Firstly, the black and white cricketing countries can rarely have an argument about anything without accusations of racism entering the plot. Take, for example, the two major fractures in cricketing relations this century - the Bodyline controversy in 1933, and the Faisalabad incident in 1987.

In the first instance, when

Australia cabled the MCC accusing Douglas Jardine's tourists of 'unsportsmanlike' conduct, the MCC got extremely pompous and demanded, as a condition of the tour continuing, that the Australians withdraw the word 'unsportsmanlike'.

In the second, Mike Gatting, the England captain who had had a public row with a Pakistani umpire, was cabled from a panic- stricken Lord's with an instruction to issue a written apology. Traditionally, England and Australia fall out, and then have a few beers. England and Pakistan, on the other hand, have cultural differences based almost entirely on mutual suspicion.

In the summer of 1992, England's cricketers convinced themselves that Wasim Akram and Waqar Younis were an irresistible force only because they were doctoring a moveable object, while Pakistan were unshakeable in their belief that every decision that went against them was some sort of plot.

Neither is it easy for the English press to circumnavigate the culture divide, and convince our visitors that not every fast, inswinging cliche is an underhand delivery. One of my own references to their captain, Javed Miandad, apparently attracted the interest of his lawyers in the mistaken belief that to describe him as a 'streetfighter' was not so much a complimentary comment about his battling qualities when the chips were down, as an inference that he went around duffing up people on pavements.

The other reason for this affair assuming nonsensically over-inflated importance is the curious belief of both the Test and County Cricket Board and the International Cricket Council that they are both private clubs, with the public having little or no right to any insight as to how they conduct their business. A C Smith, the TCCB's chief executive, is famous for the following statement. 'No comment . . . but don't quote me.'

Whether or not Sarfraz Nawaz gave Allan Lamb the secrets of ball- doctoring while they were team- mates at Northampton, is not known. What is known, however, is that the two umpires who inspected the ball during the one-day international at Lord's in 1992, decided that it had been interfered with


The TCCB media relations manager, who was present when the Pakistanis were informed of the umpires' decision, confirmed it, and the England captain, Graham Gooch, was told by one of the umpires that the ball had been changed under the law governing unfair play.

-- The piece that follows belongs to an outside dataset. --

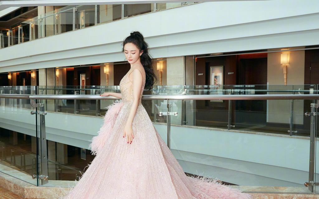 气质美女杨幂优雅礼服搭配鱼尾辫

However, both the ICC and TCCB eventually bottled the issue for fear of further undermining the fragile peace that exists in what they laughably refer to as the 'family' of cricket. As always, the 'sit tight and say nothing' approach has merely made things worse. As far as Pakistan are concerned, cricket in England is run by arrogant racists. As far as England are concerned, Pakistan cheat. Today, the two countries are as far apart as ever.